Journal Entry: Hackathon Story
The story is OK. Everything it stated was factual, and as the prompt this time was to write a journal entry and not a blog post, it’s not as fantastical as before. It’s a little short though, and I could likely have written the same if not more myself.
Conclusions
Our project was one of the few that actually fully worked by the end of the hackathon, and our first showing really impressed the judges (they told me afterwards). On the strength of that we made it to the final six teams (out of about 25 that decided to enter). The pitch went fine, and we again did a live demo in the four minutes allotted to us. We didn’t end up winning any prizes, but we were just happy to be in the finals. Maybe we needed a salesperson on our team and not just a bunch of engineers 😉.
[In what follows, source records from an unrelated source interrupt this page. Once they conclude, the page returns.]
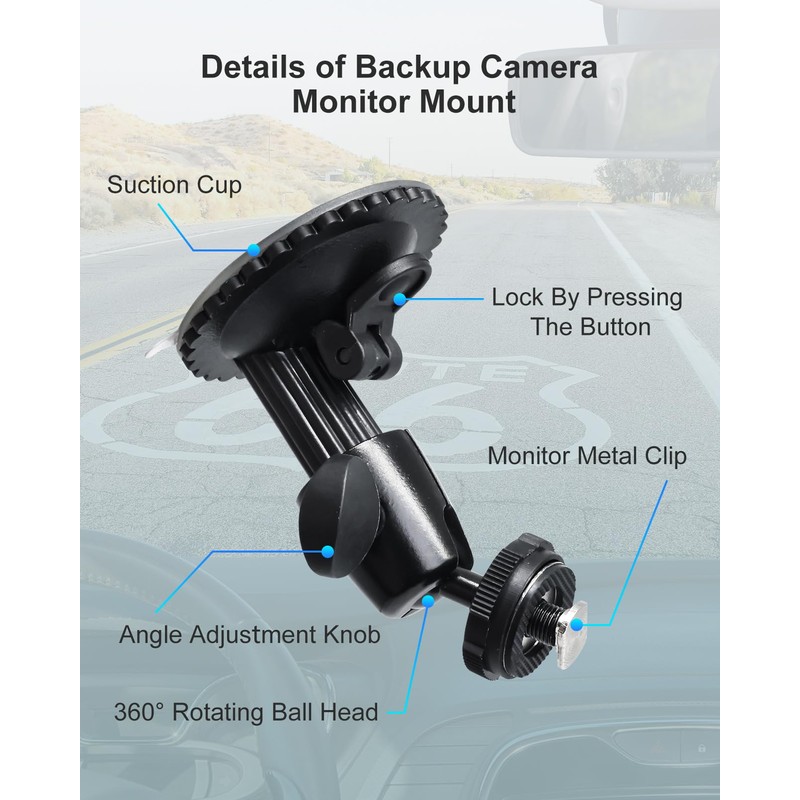 • 【Enhanced Suction with Strong Load-Bearing 】– This car backup camera monitor mount features a enhanced TPU suction cup with an increased size of 2.75 inches and built-in adhesion. With a weight capacity of over 5000g, it easily supports displays larger than 5 inches, ensuring safety even on bumpy roads
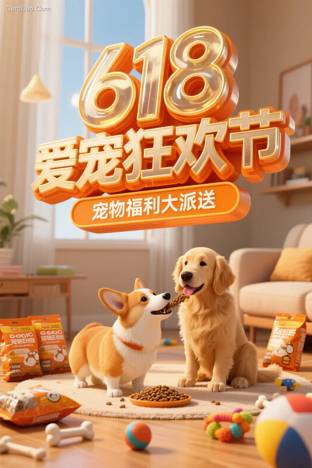 顶部大标题是“618爱宠狂欢节”,立体白色字,鎏金色边,立体字体有丰富的三层立体效果,中间是玻璃质感的凸描边,最底层是橙金色底,下方色框内是副标题“宠物福利大派送”3D风格,电商海报,冲击抬头角度。主体是两只狗一只柯基在吃狗粮,一只金毛在端坐着。背景是暖色调的客厅,客厅地上有杂乱放置的4袋狗粮、3个骨头磨牙棒,玩具球等宠物用品。色彩鲜艳,突出618大促狂欢氛围。
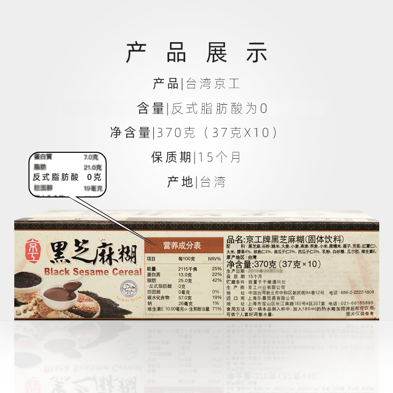 China Taiwan's Beijing Workers Black Sesame Burnt 10 bags * 37g Sam's same black sesame Burnt Walnut Breakfast Bagged 370g
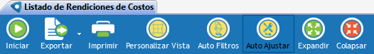 ![]() Al presionar el botón Iniciar expone la información del reporte. Exportar: sirve para descargar el reporte a cualquiera de los formatos disponibles en el menú desplegable y si se lo necesita también se puede Imprimir Personalizar vista: permite indicar que columnas que desean visualizar. Auto Ajustar: habilita, en cada columna, el auto filtro, donde permite efectuar diversas búsquedas en cada campo. Los botones expandir y colapsar permiten ver un listado detallado o resumido.
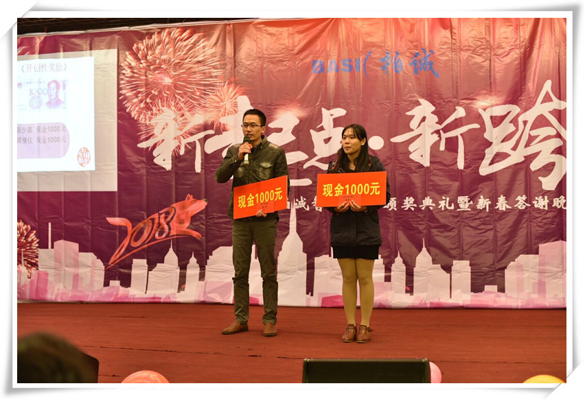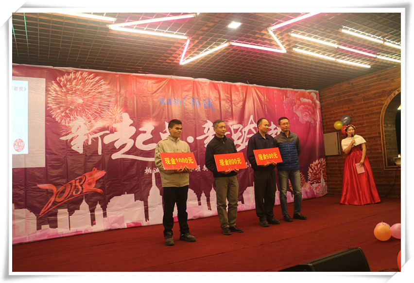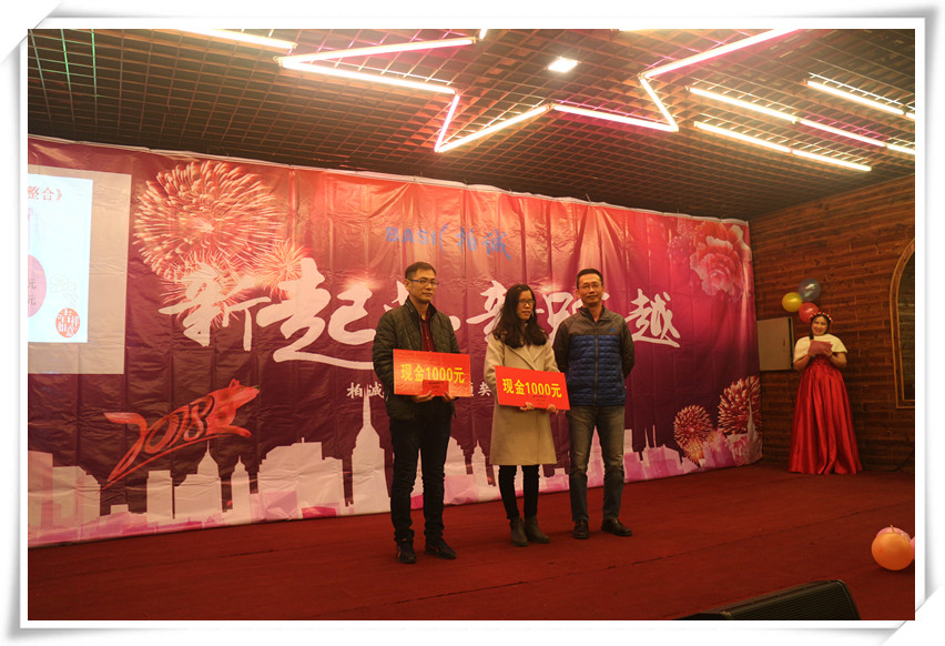 待大家酒足飯飽之后,緊接著是柏誠頒獎環(huán)節(jié)。柏誠公司為2017年優(yōu)秀積極的員工們送上別出心裁的獎品和滿滿的祝福,感謝他們一路以來為柏誠發(fā)展所做出的貢獻,并希望他們在未來的發(fā)展進程中再接再厲,勇創(chuàng)佳績!

I spoke to some of the judges afterwards, and one of the criticisms was that while initially impressive, they had worries about hallucinations: in our pitch we had highlighted that this is a way to hopefully tell an authentic and meaningful story, but with hallucinations, you might spend as much time fixing the story as you do talking to the model. This is extremely fair criticism and was also mirrored our worries. It did seem the longer you chatted to it the more factual the story ended up being (unsurprisingly), but at what point do you spend more time chatting then it would just have taken you to write it?
On the last point: I would still argue that the job of a ghostwriter is to take your unstructured thoughts and edit them down into something coherent.
My feeling is that the chat interface, or at least typing is not as free as I would have liked. One of the judges suggested a voice interface, which is something we considered as well (i.e. using something like Whisper to turn speech into text), but would have been hard to get working in the little time we had.
My feeling is that there is something interesting here, and that making the interaction with the interviewer more natural is probably where we should focus our efforts.
The quality of the interviewer questions could also be better. Maybe we can prompt it by giving it some transcripts of interviews by Louis Theroux or some other good interviewer.
Code
After the hackathon the API keys provided expired, but Mistral recently opened up a free tier, so we bumped the main model down to one of the smaller ones supported on the free tier.
In any case, the code is here if you wish to play around with it. The code is what I would call “Hackathon Quality” so beware. You’ll need a Mistral API key to run it, but it will work with the free tier, so won’t cost you anything.
It’s also deployed on Streamlit cloud, which might work depending on whether or not we’ve hit the limits of Mistral’s free tier.